**Work request**
Starting with the line below that holds "江苏泰州援疆干部人才与昭苏农" and stopping after the line that holds "2. Select Devices", transcribe the lines exactly, leaving out all pictures.

== Entries provided ==

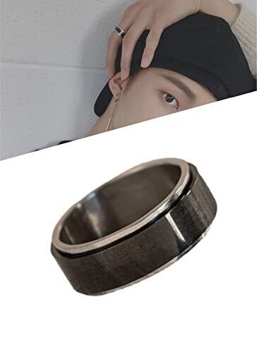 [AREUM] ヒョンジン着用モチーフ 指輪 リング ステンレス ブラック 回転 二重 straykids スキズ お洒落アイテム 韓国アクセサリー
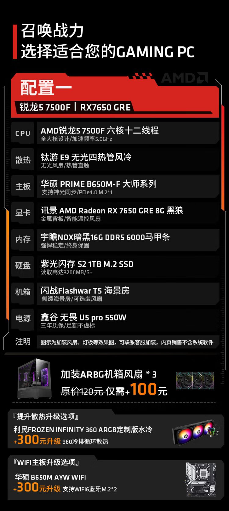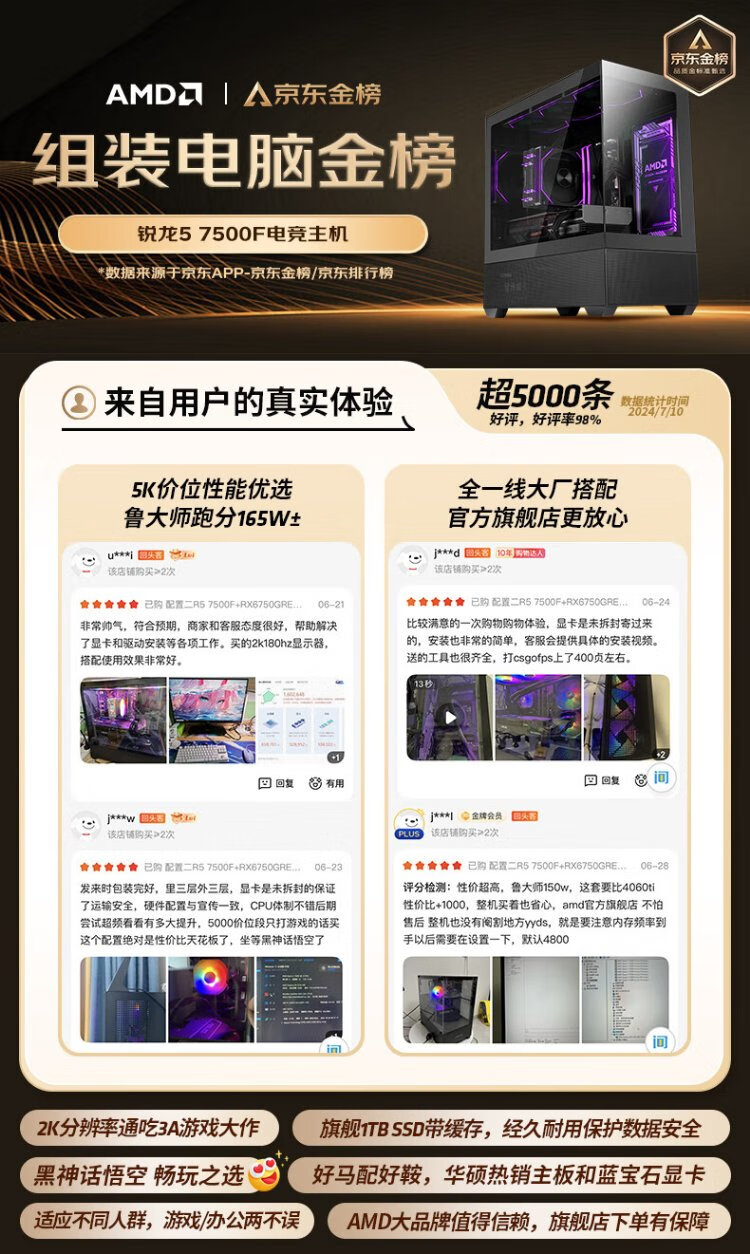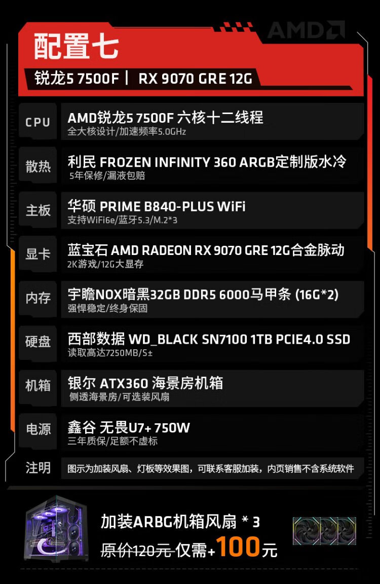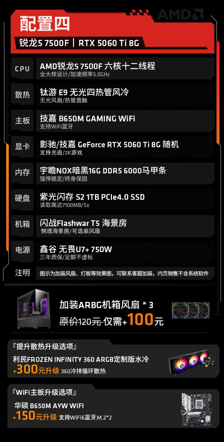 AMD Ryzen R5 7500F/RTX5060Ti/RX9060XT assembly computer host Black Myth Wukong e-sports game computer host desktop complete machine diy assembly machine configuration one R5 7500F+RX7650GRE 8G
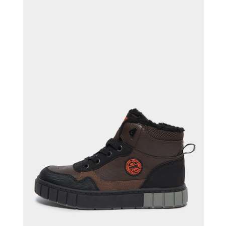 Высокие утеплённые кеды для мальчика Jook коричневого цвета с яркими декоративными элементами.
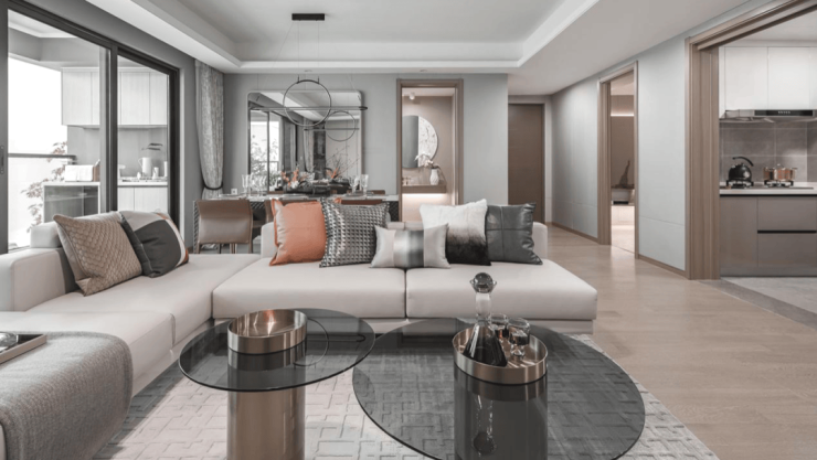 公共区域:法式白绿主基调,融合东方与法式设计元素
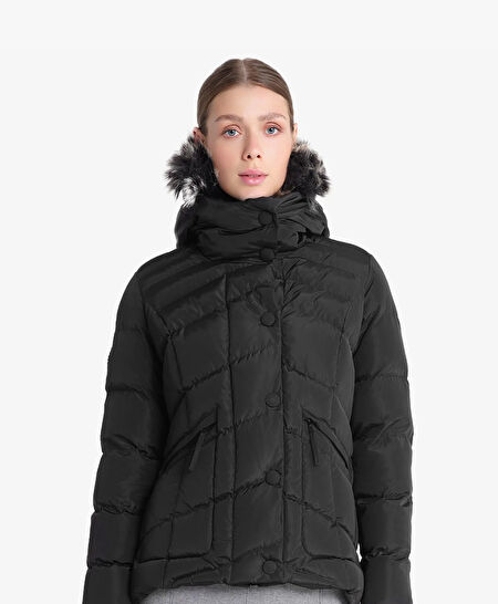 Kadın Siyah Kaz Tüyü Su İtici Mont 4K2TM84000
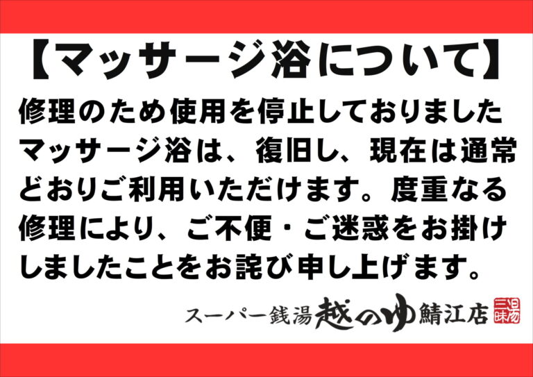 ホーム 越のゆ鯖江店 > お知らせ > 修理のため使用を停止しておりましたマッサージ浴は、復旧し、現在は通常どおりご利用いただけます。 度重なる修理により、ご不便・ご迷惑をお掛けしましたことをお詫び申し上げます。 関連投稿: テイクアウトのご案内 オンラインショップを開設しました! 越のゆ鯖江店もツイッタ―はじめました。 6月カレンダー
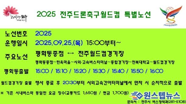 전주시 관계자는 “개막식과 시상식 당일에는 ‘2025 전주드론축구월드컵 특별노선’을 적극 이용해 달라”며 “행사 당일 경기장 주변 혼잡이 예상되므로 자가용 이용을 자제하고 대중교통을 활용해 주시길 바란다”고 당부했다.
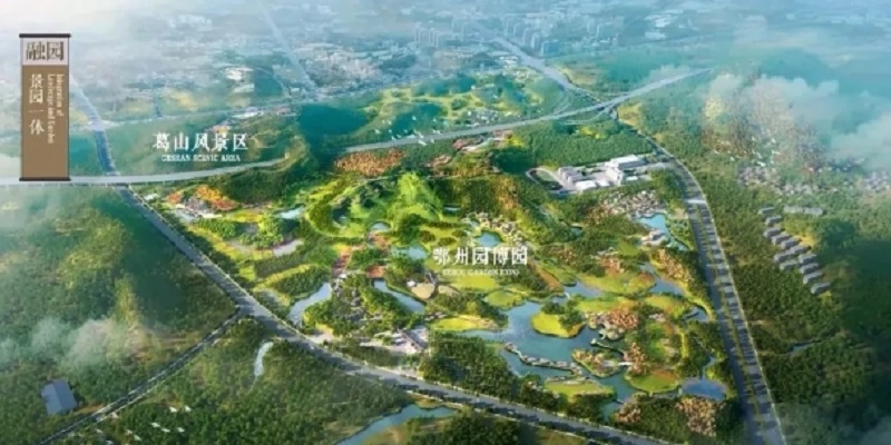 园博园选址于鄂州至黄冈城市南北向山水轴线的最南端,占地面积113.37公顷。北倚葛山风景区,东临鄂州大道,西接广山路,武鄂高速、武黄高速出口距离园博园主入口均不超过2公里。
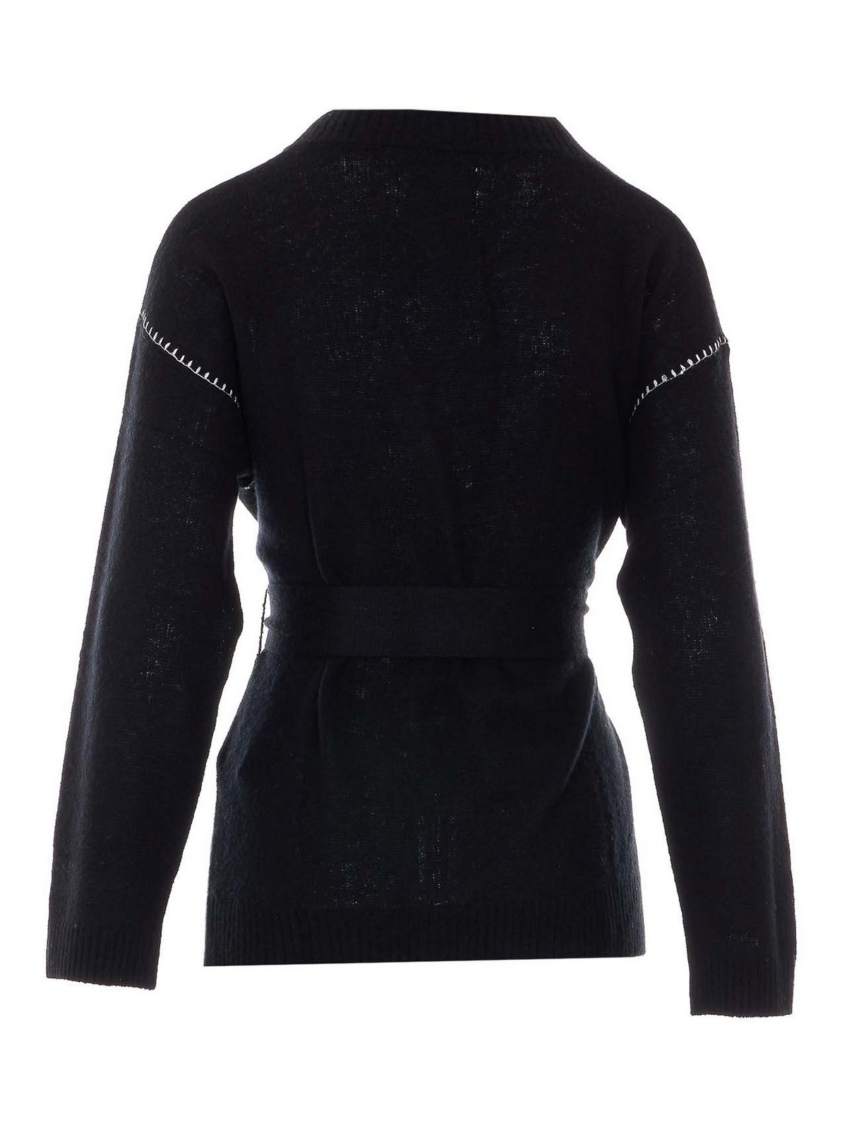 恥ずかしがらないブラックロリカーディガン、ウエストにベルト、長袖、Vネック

===
== Entries provided ==

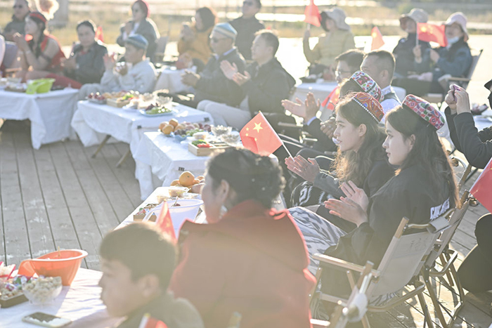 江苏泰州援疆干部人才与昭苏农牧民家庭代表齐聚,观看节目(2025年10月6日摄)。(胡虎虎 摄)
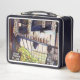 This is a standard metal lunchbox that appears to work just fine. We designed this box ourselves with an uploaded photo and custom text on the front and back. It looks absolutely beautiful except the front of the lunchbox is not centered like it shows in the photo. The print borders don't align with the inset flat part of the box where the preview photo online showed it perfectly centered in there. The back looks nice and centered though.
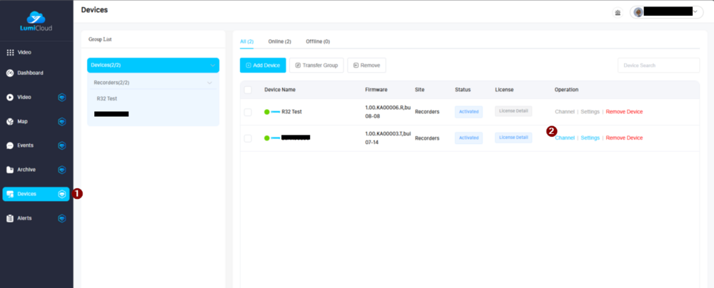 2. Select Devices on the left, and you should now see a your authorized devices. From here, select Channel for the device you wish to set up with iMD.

===
== Entries provided ==

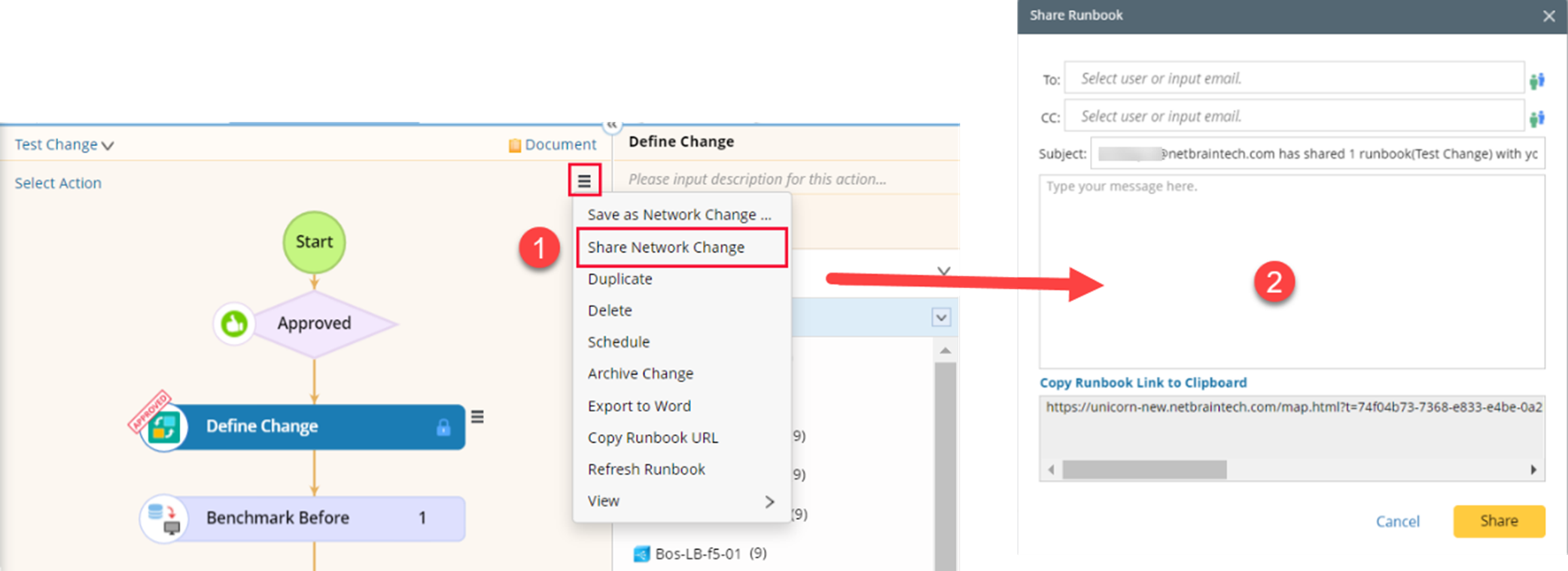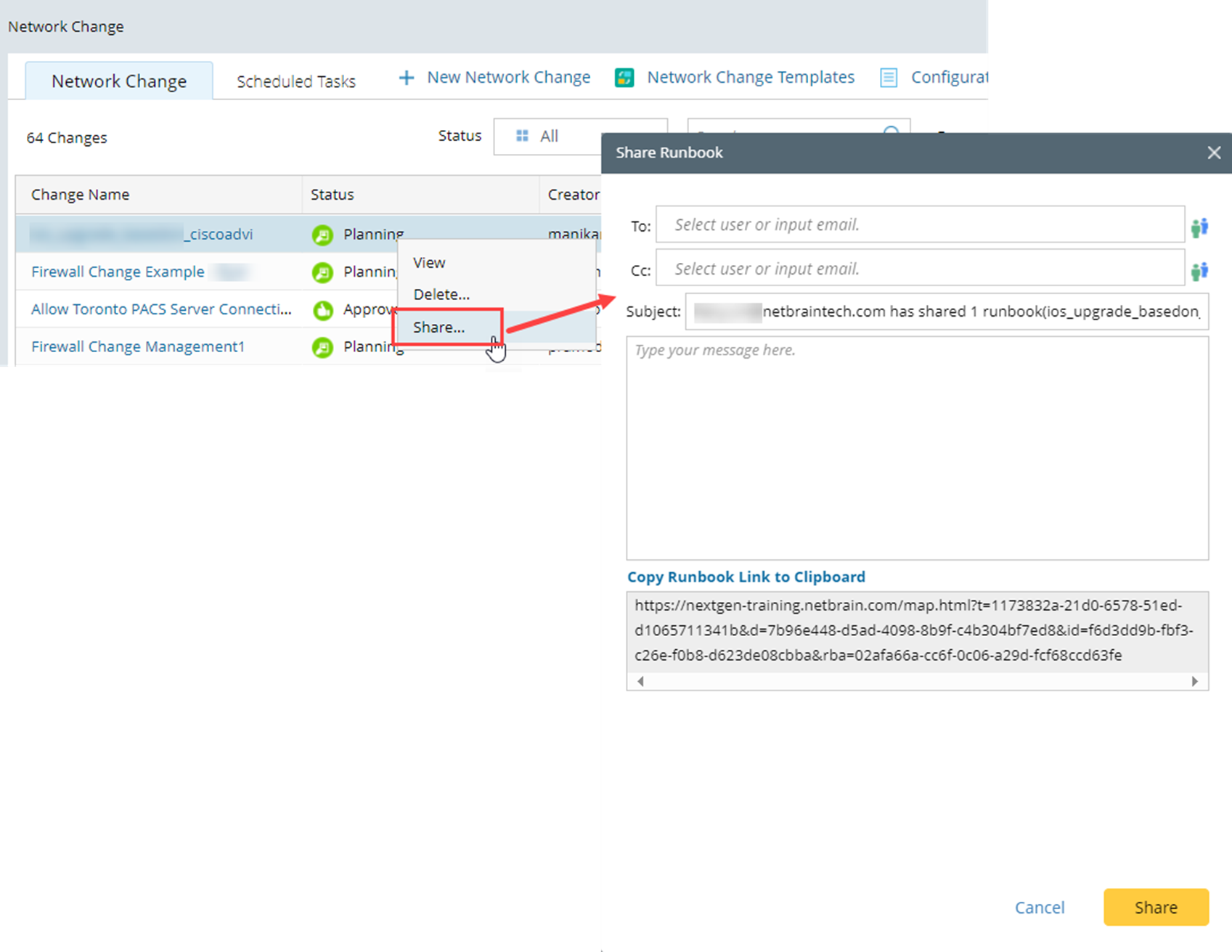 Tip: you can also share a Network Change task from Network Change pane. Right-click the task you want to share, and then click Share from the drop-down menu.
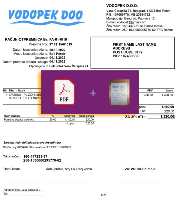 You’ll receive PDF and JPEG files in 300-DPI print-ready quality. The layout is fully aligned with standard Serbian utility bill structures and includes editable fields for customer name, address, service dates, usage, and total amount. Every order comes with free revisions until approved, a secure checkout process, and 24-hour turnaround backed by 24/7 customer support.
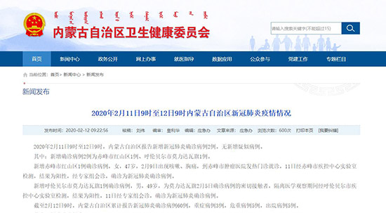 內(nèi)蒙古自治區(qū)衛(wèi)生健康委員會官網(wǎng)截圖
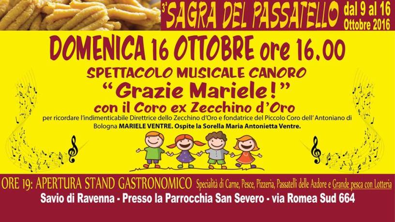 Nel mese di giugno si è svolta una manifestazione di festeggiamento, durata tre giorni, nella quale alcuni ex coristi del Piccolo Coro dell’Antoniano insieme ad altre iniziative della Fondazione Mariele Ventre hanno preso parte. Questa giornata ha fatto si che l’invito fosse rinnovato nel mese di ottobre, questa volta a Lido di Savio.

===

**Reply**
 江苏泰州援疆干部人才与昭苏农牧民家庭代表齐聚,观看节目(2025年10月6日摄)。(胡虎虎 摄)
 This is a standard metal lunchbox that appears to work just fine. We designed this box ourselves with an uploaded photo and custom text on the front and back. It looks absolutely beautiful except the front of the lunchbox is not centered like it shows in the photo. The print borders don't align with the inset flat part of the box where the preview photo online showed it perfectly centered in there. The back looks nice and centered though.
 2. Select Devices on the left, and you should now see a your authorized devices. From here, select Channel for the device you wish to set up with iMD.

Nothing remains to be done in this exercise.